BRUXELLES, 20 aprile 2011 (IPS) – Mentre in Belgio politici, accademici, dirigenti d’impresa e femministe sono alle prese con il dibattito sulla legge che vieta di indossare il velo nelle istituzioni pubbliche e non solo, due imprenditrici stanno cercando di portare il tema del velo fuori dal dibattito politico del paese. Inge Rombatus e Fatima Rafiy gestiscono la boutique esclusiva di hijab Noor D’Izar, che offre alle donne “una soluzione alla moda senza guardare alle ragioni per cui si sceglie di indossare un foulard sul capo”, spiega Inge Rombauts.

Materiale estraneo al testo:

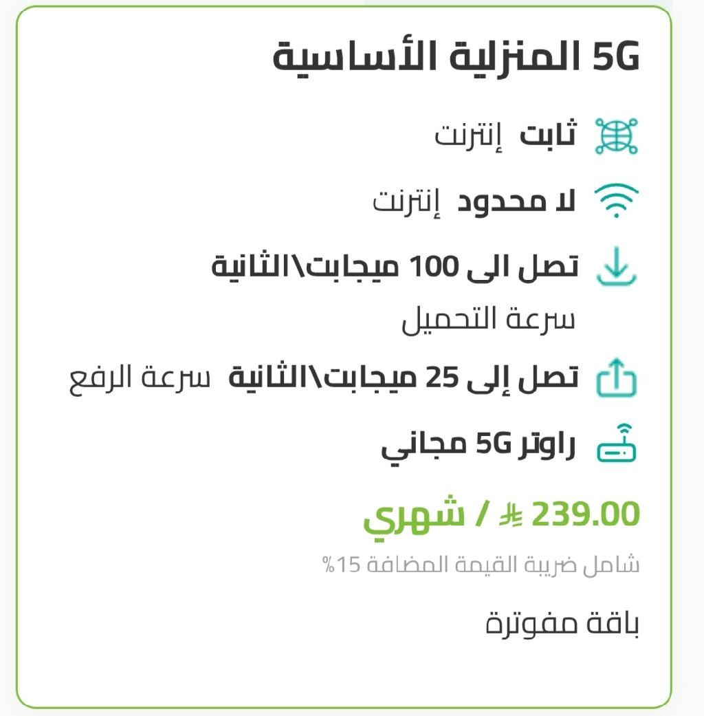 Eid Offers - Limited Time Home 5G Internet with Unlimited Access No upfront payment No deposit required Delivery & installation at your doorstep Speeds up to 500 Mbps + Unlimited 1 Free Month + 5G Router Delivery fee Only 50 SAR Order now before the offer ends
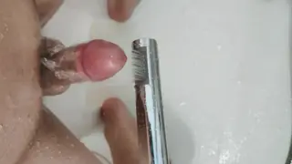 シャワーオナニーで連続射精をした後、潮吹き練習するも、オシッコダダ漏れになってしまう変態君。
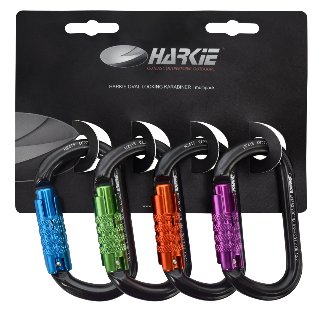 The Harkie Oval 3-Way Lock Karabiner Multi Pack includes multiple durable aluminium oval carabiners with triple-locking gates for secure, reliable connections—ideal for climbing, arborist rigging and general rope-work setups.
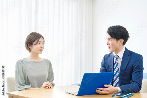 リビングでクライアントと話すセールスマン

Le figlie di Fatima Rafiy e Inge Rombaut indossano un foulard sul capo e un foulard con sciarpa intorno al collo Carmen de Vos

Le figlie di Fatima Rafiy e Inge Rombaut indossano un foulard sul capo e un foulard con sciarpa intorno al collo
Carmen de Vos

Fatima, che è musulmana e Inge, non musulmana, hanno le idee chiare su dove finisce la politica e comincia la moda. “Non vogliamo entrare nel dibattito politico, vogliamo andare oltre”, dice Rombauts. “Alle donne è sempre piaciuto avvolgersi in ogni tipo di abito e accessorio, dal sari al sarong, dal foulard al velo sul capo”.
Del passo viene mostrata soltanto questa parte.